И тут, сквозь этот хаос, в моей памяти всплыла последняя запись из дневника деда: «Если сердце остановилось, его можно запустить. Нужны новые стрелки. Не для времени. Для направления. Они должны быть сделаны из серебра и кости. И смазаны кровью хранителя. Они укажут Якорю, за какую нить реальности держаться».
Серебро и кость. Я вспомнил, что видел в мастерской. Старые серебряные ложки и пожелтевшие костяшки от счётов. Кровь. Моя кровь.
Я не знаю, как я двигался в этом обезумевшем пространстве. Я полз, плыл, проваливался сквозь текстуры. Мир вокруг меня менялся каждую секунду. Вот я в мастерской, хватаю инструменты, вот я уже в комнате, у подножия молчащего Якоря. Я видел, как мои руки делают что-то, но не чувствовал их. Я видел, как осколок стекла режет мою ладонь, и тёмная кровь капает на странный механизм, который я собирал по памяти, по наитию.
Я сделал две грубые, уродливые стрелки. Одна из серебра, другая из кости. Я смазал их своей кровью и, встав на стул, приладил их к центру циферблата. Они безвольно повисли. Ничего не происходило.
«Нужно задать направление!» — прокричал чей-то голос в моей голове. Голос деда.
Я схватил стрелки и с силой крутанул их. Раз, другой. Я не знал, что я делаю. Я просто вкладывал в это движение всю свою волю, всё своё желание жить, быть, существовать в линейном, понятном мире.
И в тот момент, когда я отпустил их, раздался оглушительный, сотрясающий основы мироздания ТУМ.
Мир моргнул. И собрался заново.
Я стоял посреди комнаты.
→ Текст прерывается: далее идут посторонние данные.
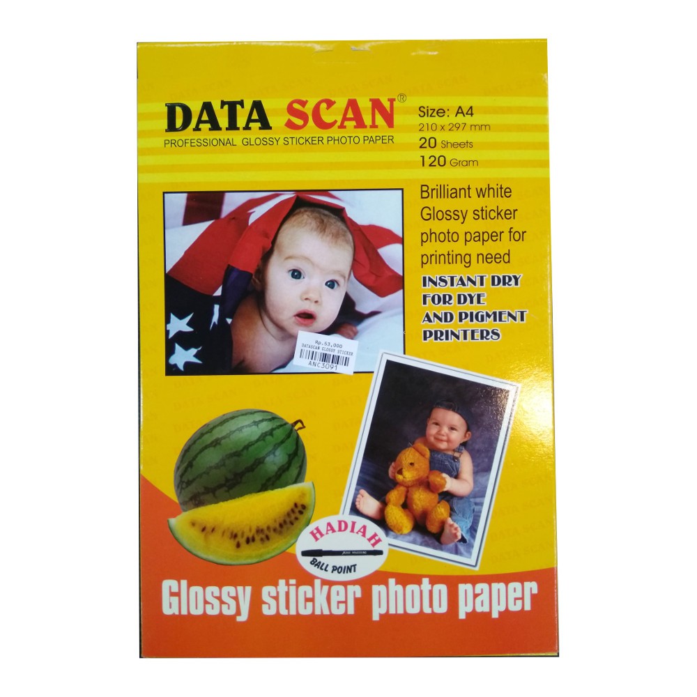 Data Scan Glossy Sticker Photo Paper A4 120gsm adalah kertas foto sticker glossy ukuran A4 dengan berat 120gsm yang cepat kering dengan glossy finish yang baik untuk penggunaan rumah atau kantor.

Стены были на месте. За окном была тихая, спокойная ночь. Десятки часов на стенах снова мерно тикали. Я посмотрел на напольные часы. Мои уродливые стрелки из кости и серебра медленно, очень медленно двигались по циферблату. Они шли в обратную сторону.
Я подошёл к зеркалу. Из него на меня смотрел измученный, постаревший лет на десять парень с седой прядью в волосах. На моей ладони алел свежий, глубокий порез.
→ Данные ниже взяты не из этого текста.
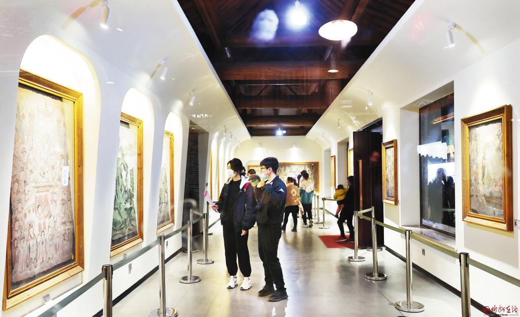 游客在五臺山修淵島壁畫藝術館參觀 張存良 攝

Я остался в этом доме. Я не мог уехать. Я стал новым хранителем. Я понял, почему дед был таким молчаливым и одиноким. Я тоже перестал говорить. Не с кем. Да и незачем. Моими собеседниками стали часы и медленные, тяжёлые удары сердца этого дома, которые отдавались в каждой моей кости.
Иногда я подхожу к напольным часам и смотрю на стрелки, идущие вспять. Они отсчитывают не время. Они отсчитывают мою жизнь, которую я отдаю Якорю, чтобы он держал тонкий лёд реальности над бездной первозданного Шума.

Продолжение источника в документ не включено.